WHO estimates that 4.5 million people are blind due to glaucoma. Glaucoma is the second leading cause of blindness and the leading cause of irreversible blindness worldwide. It has been estimated that by 2020 there will be approximately 80 million people with glaucoma, an increase of about 20 million since 2010. Furthermore, it is thought that at present over 8 million people are bilaterally blind due to glaucoma, a figure that is set to rise to over 11 million by 2020 with the increasing prevalence, unless improved screening and effective treatment strategies are successful.
In Tunisia, glaucoma is a major cause of visual impairment and blindness, with a prevalence of 2%. The data is two decades old – political turmoil has complicated the task of collecting fresh evidence. The country’s national plan for the prevention of blindness includes sensitisation, screening and treatment of glaucoma. Tunisia has extensive referral networks across the country with primary, secondary and tertiary eye care centres in both public and private sectors.
Amel Ouertani has been working for nearly 3 decades in Tunisia and other parts of Africa. She is one of only three glaucoma specialists among Tunisia’s 500 ophthalmologists. After years of work in the public sector, she has recently moved to the private sector – though her old patients continue to seek her out. “I have treated them for years; they know me and trust me”, Amel says, with a smile. Working out of Tunis, Tunisia’s capital city, Amel handles close to 10 patients with Glaucoma every day, with 8-9 cases needing surgery every week.

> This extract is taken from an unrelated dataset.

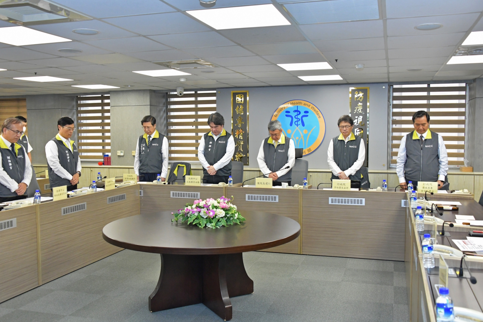 陳院長抵達指揮中心後,即與現場所有部會同仁為感染COVID-19逝者默哀;隨後,院長聽取衛福部疾病管制署莊人祥署長報告「指揮中心解編後整備工作」,並由王必勝指揮官補充說明國內疫情現況。

Glaucoma is a silent disease, with very few signs and symptoms – vision loss is gradual and low-income clinics find it particularly difficult to diagnose and treat it. As the treatment can run over many years, it is especially difficult to ensure compliance – or to keep costs down. Many patients – even those with a regular source of income – can find the costs prohibitive, without meaningful insurance cover. Glaucoma treatment also involves surgery, which needs adequately trained
personnel. “Sometimes, the objective of the surgery – arresting the damage – is difficult for the patient to comprehend, because there is no improvement in vision”, says Amel.
Amel’s patients are a mix of poor, middle-class and the rich. Tunisia’s tiered insurance system covers a majority of the population. The national social security system and free health services provide full cover or refunds. However, a minority of the population are without insurance cover of any sort. The numbers are better for Primary Health Centres, with 98% of the population having their access secured by some form of health cover. However, a good number of eye health costs are covered by co-payments up to 50%, which can prove expensive in some complicated cases of surgery.
Tunisia has a substantial rural population, while its eye health professionals live and work from urban centres. While the Tunisian ministry of health has been working hard to address this imbalance, challenges remain. “Thankfully, Tunisia has an adequate primary care network with some of them equipped to provide basic glaucoma treatment. So referrals work – close to 2000 patients a week”, notes Amel. Also, Tunisia does not have optometrists and there is very little task-shifting to mid-level professionals, though technicians are trained to scan visual fields and the optic nerve.